Is TAB the same thing as a tax shield?

They’re related but not identical. A tax shield generally refers to the reduction in taxable income from any deductible expense. TAB specifically refers to the present-value premium added to an asset’s fair value because of its future amortization deductibility.

Why do some jurisdictions deny TAB entirely for certain assets?

Tax authorities in some countries take the position that certain intangibles (goodwill being the most common example) don’t have a determinable, diminishing useful life and therefore shouldn’t be eligible for a systematic tax deduction.

Can TAB ever reduce an asset’s value?

In standard practice, no — the TAB factor is always greater than or equal to 1.0.

What is the difference between the continuous and discrete TAB formula?

The continuous formula uses exponential discounting; the discrete formula uses a standard annuity present-value factor. Both converge to similar results.

How does deal structure affect TAB?

In an asset deal, the buyer typically receives a step-up in tax basis, creating the amortization deduction. In a stock deal, the buyer acquires the target’s existing tax basis, so TAB is often smaller or absent.

Is TAB applied before or after other valuation adjustments?

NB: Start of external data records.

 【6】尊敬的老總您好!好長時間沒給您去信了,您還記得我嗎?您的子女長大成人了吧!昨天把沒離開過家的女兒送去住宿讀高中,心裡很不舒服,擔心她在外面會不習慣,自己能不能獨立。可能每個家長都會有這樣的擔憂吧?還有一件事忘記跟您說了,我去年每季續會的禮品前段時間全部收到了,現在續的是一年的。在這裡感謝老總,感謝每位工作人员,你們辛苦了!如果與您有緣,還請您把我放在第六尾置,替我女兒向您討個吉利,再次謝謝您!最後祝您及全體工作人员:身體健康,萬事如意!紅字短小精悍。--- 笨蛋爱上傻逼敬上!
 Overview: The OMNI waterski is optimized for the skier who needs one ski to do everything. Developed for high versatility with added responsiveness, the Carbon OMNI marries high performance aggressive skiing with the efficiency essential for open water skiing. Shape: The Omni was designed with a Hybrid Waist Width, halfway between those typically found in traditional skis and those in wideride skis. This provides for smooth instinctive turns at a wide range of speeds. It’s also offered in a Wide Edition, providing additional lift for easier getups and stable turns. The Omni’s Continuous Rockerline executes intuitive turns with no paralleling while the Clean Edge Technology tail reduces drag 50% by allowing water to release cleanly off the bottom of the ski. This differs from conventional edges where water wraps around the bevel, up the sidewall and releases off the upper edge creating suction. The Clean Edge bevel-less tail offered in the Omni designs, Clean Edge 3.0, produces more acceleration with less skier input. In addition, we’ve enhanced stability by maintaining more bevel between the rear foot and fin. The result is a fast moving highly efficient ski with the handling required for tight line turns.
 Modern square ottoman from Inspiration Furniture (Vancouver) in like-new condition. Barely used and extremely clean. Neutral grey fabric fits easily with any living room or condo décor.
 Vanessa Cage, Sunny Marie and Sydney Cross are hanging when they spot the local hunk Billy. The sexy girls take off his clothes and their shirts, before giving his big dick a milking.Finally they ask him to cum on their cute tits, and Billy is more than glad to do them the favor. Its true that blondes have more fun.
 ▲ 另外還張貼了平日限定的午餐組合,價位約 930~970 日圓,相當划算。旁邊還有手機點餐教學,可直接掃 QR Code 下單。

Practice varies. Most commonly, TAB is applied to the pre‑TAB fair value of the intangible asset before adjustments for control premiums or lack of marketability.


Glossary

TAB Factor — the multiplier applied to a pre-TAB fair value to produce the tax-amortization-adjusted fair value.

RUL (Remaining Useful Life) — a tax treatment where the amortization period tracks the asset’s expected remaining economic life rather than a fixed statutory number.

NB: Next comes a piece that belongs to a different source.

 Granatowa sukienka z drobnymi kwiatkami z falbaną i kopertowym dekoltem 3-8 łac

PPA (Purchase Price Allocation) — the accounting process of allocating a business acquisition’s purchase price across the fair values of identifiable assets and liabilities.

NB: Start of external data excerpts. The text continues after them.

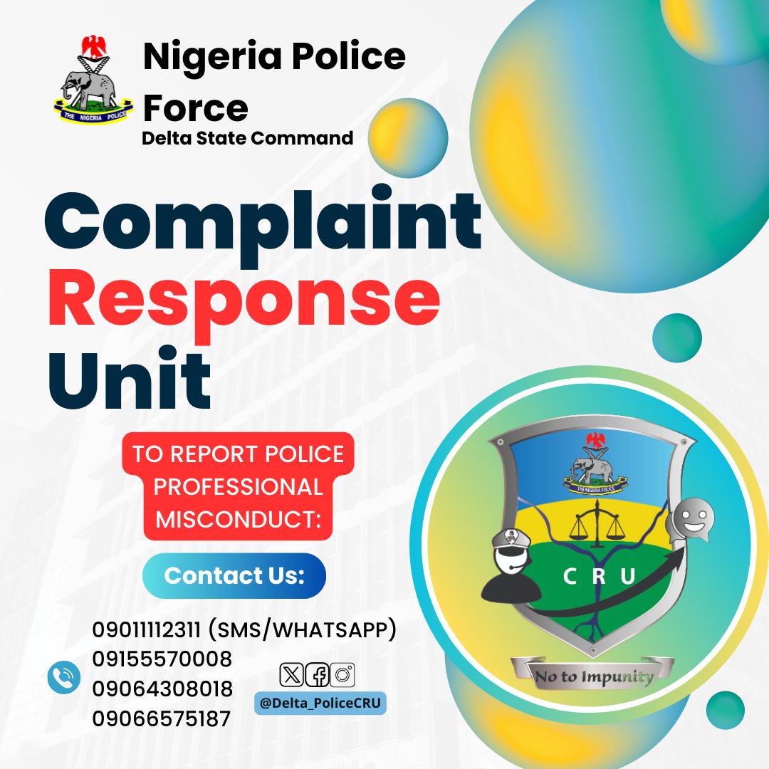 The CP who understands the need to maintain the highest standards of professionalism in the organization, seeks to rectify any excesses or inappropriate behavior demonstrated by the police officers and men of the command. On this note, the public can channel all complaints and relevant information on police actions either by visiting the CRU office at the Command Headquarters, or by contacting any of the following phone numbers: 09155570008 | 09011112311 | 09064308018 | 09066575187; or via the social media handle: (X – Delta_PoliceCRU; FACEBOOK – DeltaNG CRU INSTAGRAM: @Delta_PoliceCRU); and the official email – deltapolicecru@gmail.com
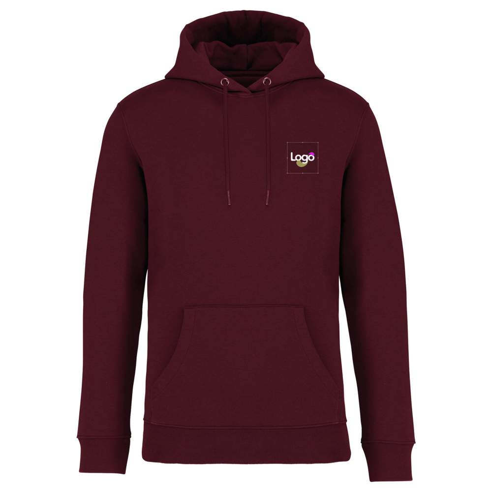 Unisex sweatjacke med hætte lavet af tre-tråd gratfleece (Low Shrinkage Fleece : prætrukket fleece). Passer tæt med kanguro lomme, ribbet bund på jakken og ærmene. Dobbelt sømning på ærmene, armhuler, bund af jakken og halv måne. Indvendig renhedsstripe i nakkebag og hætte dobbelttet med hovedmaterialet og stopperpunkt. Rundt snor med ender og øjne af recyclet metal. Sammensætning: 85% peget ring-spun biologisk bomuld og 15% post-consumer genbrugspolyester. Mulighed for personliggørelse ved brodering eller din logo.
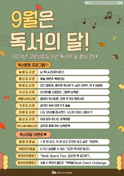 [금요저널] 고양특례시는 9월 독서의 달을 맞아, 시민의 독서문화 확산에 기여하기 위해 다양한 독서문화프로그램을 운영한다고 밝혔다.
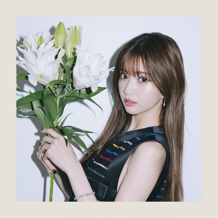 画像には、白いユリの束を持つ女性が写っています。彼女は穏やかな表情で、長い茶色の髪や繊細なメイクをしています。女性は色とりどりのストライプとテキストが入った袖のないトップスを着用し、ブレスレット、リング、イヤリングなどのアクセサリーを身に着けています。背景は単純で明るい色合いで、女性とユリの鮮やかな白を引き立てています。全体的な雰囲気は静かで穏やかであり、ユリは純潔と平和を象徴し、女性の穏やかな表情と調和しています。
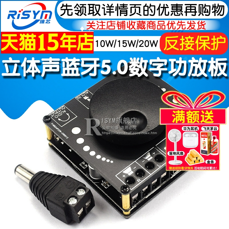U盘 20W立体声蓝牙5.0数字功放板 24V音量调节 反接保护
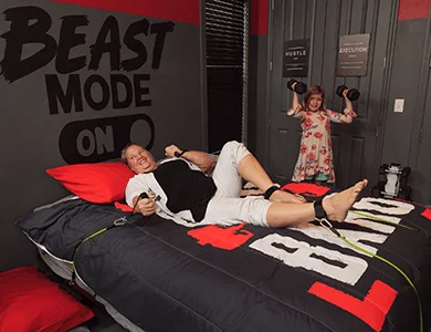 At the end of the day, you can even use special straps installed under the bed to get in one last workout!

Fair Value — under both ASC 820 and IFRS 13, the price that would be received to sell an asset in an orderly transaction between market participants.

Discount Rate (k) — the rate used to convert future cash flows into a present value.

Section 338 Election — a US tax election that allows a stock purchaser to treat the acquisition as an asset purchase for tax purposes.

Deferred Tax Asset (DTA) — a balance‑sheet item representing taxes recoverable in future periods.

With‑and‑Without Method — an alternative TAB calculation approach that compares the asset’s value with and without the tax amortization benefit.


This article explains the TAB concept and formula for general educational and reference purposes. It is not tax or legal advice. Tax amortization rules differ by jurisdiction, asset type, and transaction structure, and change over time — confirm current treatment with qualified local tax counsel before relying on any TAB figure in an actual valuation, filing, or transaction.

References: ASC 805 Business Combinations; IFRS 3 Business Combinations; IRC Section 197; ASC 820 / IFRS 13 Fair Value Measurement; and standard valuation literature on intangible asset valuation.